Au lendemain de la décision suisse de ne plus intervenir sur les marchés pour plafonner sa monnaie, les queues ont continué à s'allonger devant les banques et les bureaux de change. Les Suisses qui vivent près de la frontière et les travailleurs frontaliers ont tout à gagner après cette opération.
Dans les queues devant les banques genevoises ou les bureaux de change, il n'y a pas que des travailleurs frontaliers, le Suisse moyen se réjouit, lui aussi, de cette mesure. Une quadragénaire exhibe fièrement son reçu bancaire, montrant qu'elle a reçu plus de 300 euros en échange de 300 francs suisses quand elle s'est précipitée dans sa banque pour changer des francs pour des euros. "J'ai gagné 60 francs suisses en une seconde", explique-t-elle. Pour obtenir ces mêmes 300 euros, elle aurait dû débourser la veille 360 francs suisses.
La démarche s'explique par le fait que de nombreux Suisses vont faire leurs courses chaque semaine dans les hypermarchés français et qu'ils économisent ainsi plus de 20% sur leurs dépenses outre-frontières hebdomadaires. Les dizaines de milliers de frontaliers français qui traversent chaque jour la frontière pour travailler en Suisse, sont les grands gagnants indirects de l'opération. En un instant, leur revenu mensuel a progressé de 30%. "Pourvu que ce taux de change tienne jusqu'à la fin du mois, quand je serai payée", espère une Française travaillant à Genève.
Reportage Ingrid Pernet-Duparc et Serge Worreth
L'économie suisse risque d'en souffrir
La Bourse suisse a aussitôt accusé le coup et fait un énorme plongeon. Beaucoup d'entreprises suisses, cotées en Bourse, sont fortement exportatrices et la décision de la Banque Nationale Suisse les met en difficulté pour écouler leurs produits à l'étranger. A la clôture, jeudi 15 janvier, l'indice SMI de la Bourse suisse, qui regroupe ses 20 valeurs vedettes, chutait de 8,67% à 8.400,61 points, après avoir perdu jusqu'à plus de 12% en séance.Les plus fortes baisses sont affichées par les valeurs du luxe, telles que Swatch (Breguet, Longines, Tissot) ou Richemont (Cartier, Van Cleef....), dont les produits s'arrachent à l'étranger. Ces sociétés ont vu leur action reculer respectivement de 16,35% à 382,30 francs suisses et 15,50% à 74,95 francs suisses. En effet, du fait de la hausse du franc suisse, leurs produits sont devenus plus chers de 20 à 30% pour les étrangers, qui risquent de s'en détourner.
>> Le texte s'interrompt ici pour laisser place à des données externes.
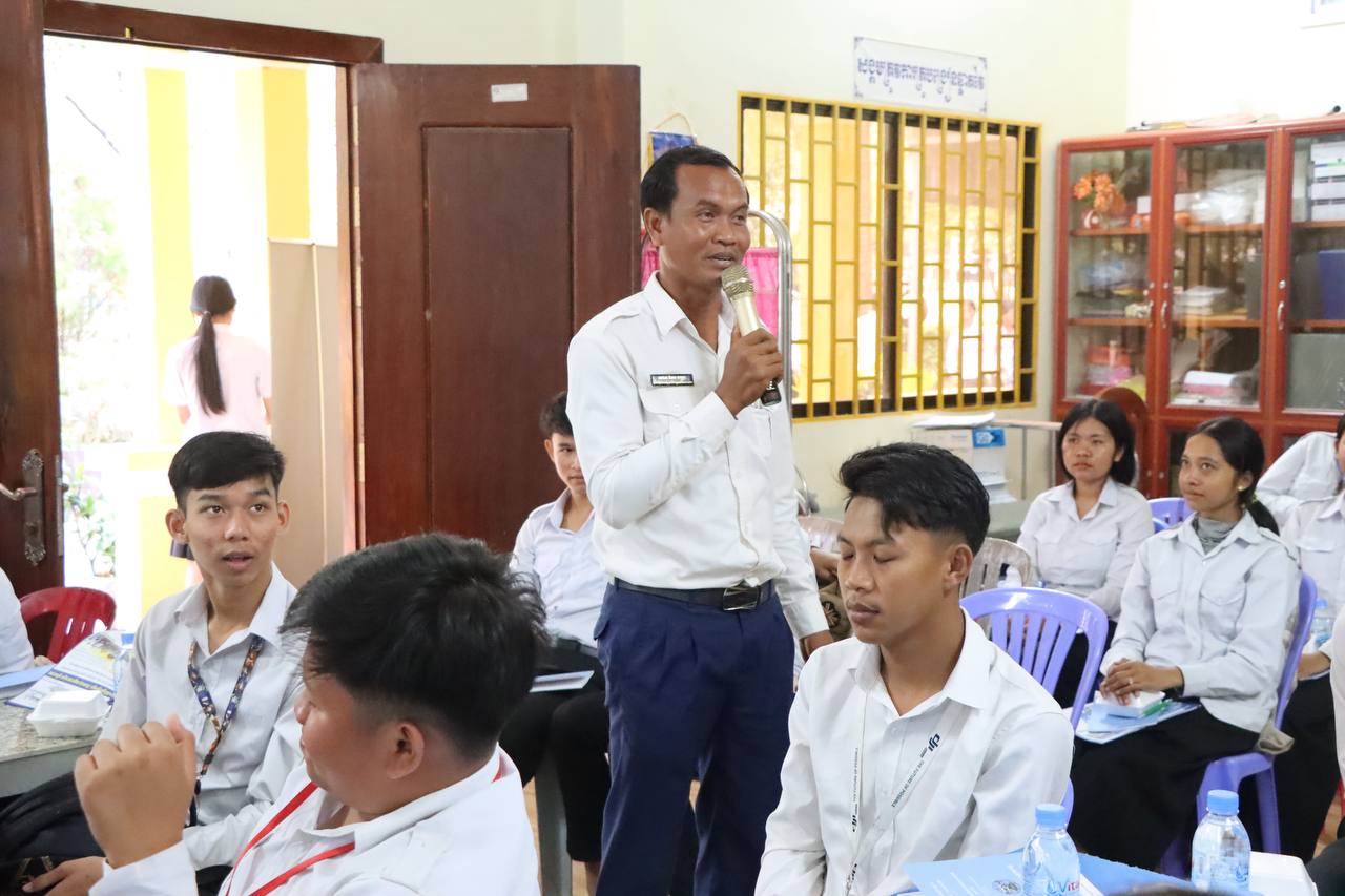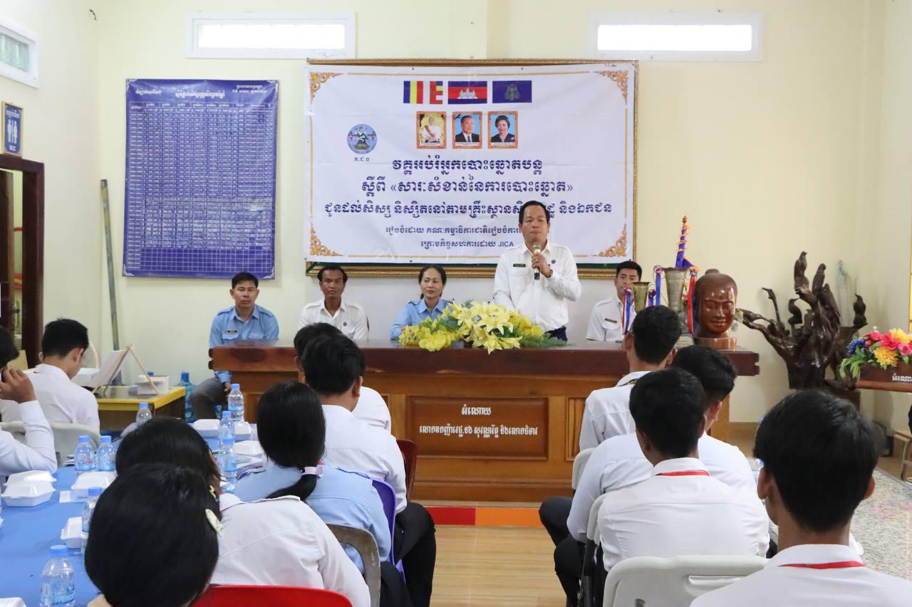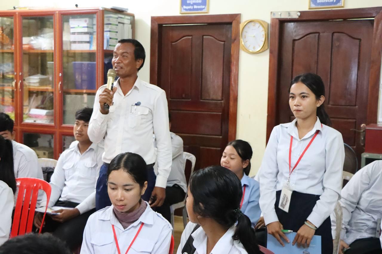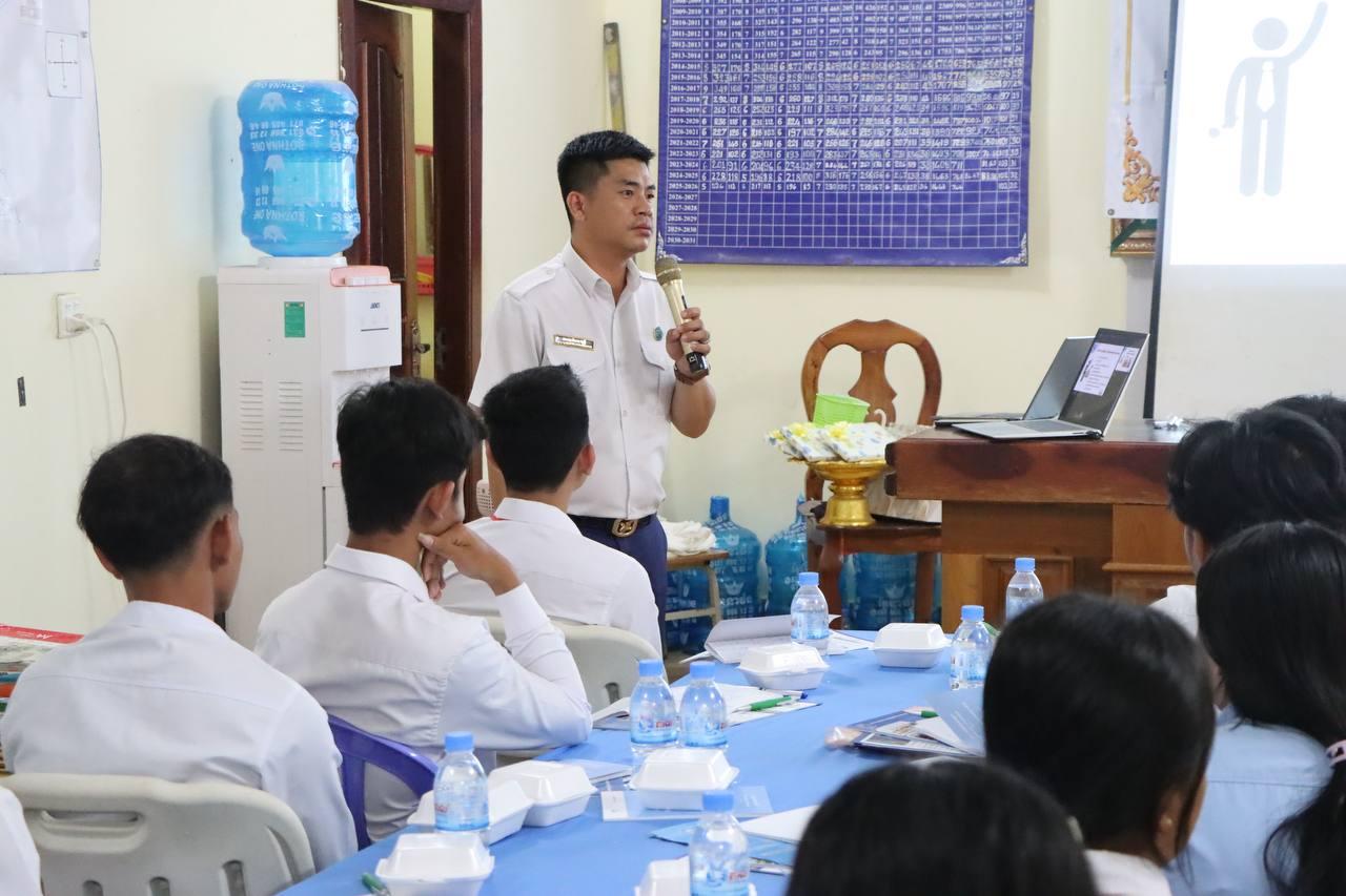 រូបភាពសកម្មភាពលេខាធិការដ្ឋានរៀបចំការបោះឆ្នោតខេត្តតាកែវ រៀបចំវគ្គអប់រំអ្នកបោះឆ្នោតបន្តស្ដីពី «សារៈសំខាន់នៃការបោះឆ្នោត» ជូនដល់សិស្សានុសិស្សថ្នាក់ទី១២ នៅវិទ្យាល័យគិរីវង់ ក្នុងខេត្តតាកែវ នាព្រឹកថ្ងៃទី៦ ខែមីនា ឆ្នាំ២០២៦

La mesure a eu aussi des répercussions directes à l'étranger, notamment dans les pays où de nombreux particuliers ont contracté un prêt immobilier en francs suisses pour financer l'achat de leur maison ou de leur appartement au début des années 2000, à un moment où cela était très avantageux. L'engouement pour les emprunts en francs suisses, contractés la plupart du temps pour l'achat d'un logement, a été particulièrement fort en Pologne ainsi qu'en Hongrie et en Croatie au début des années 2000.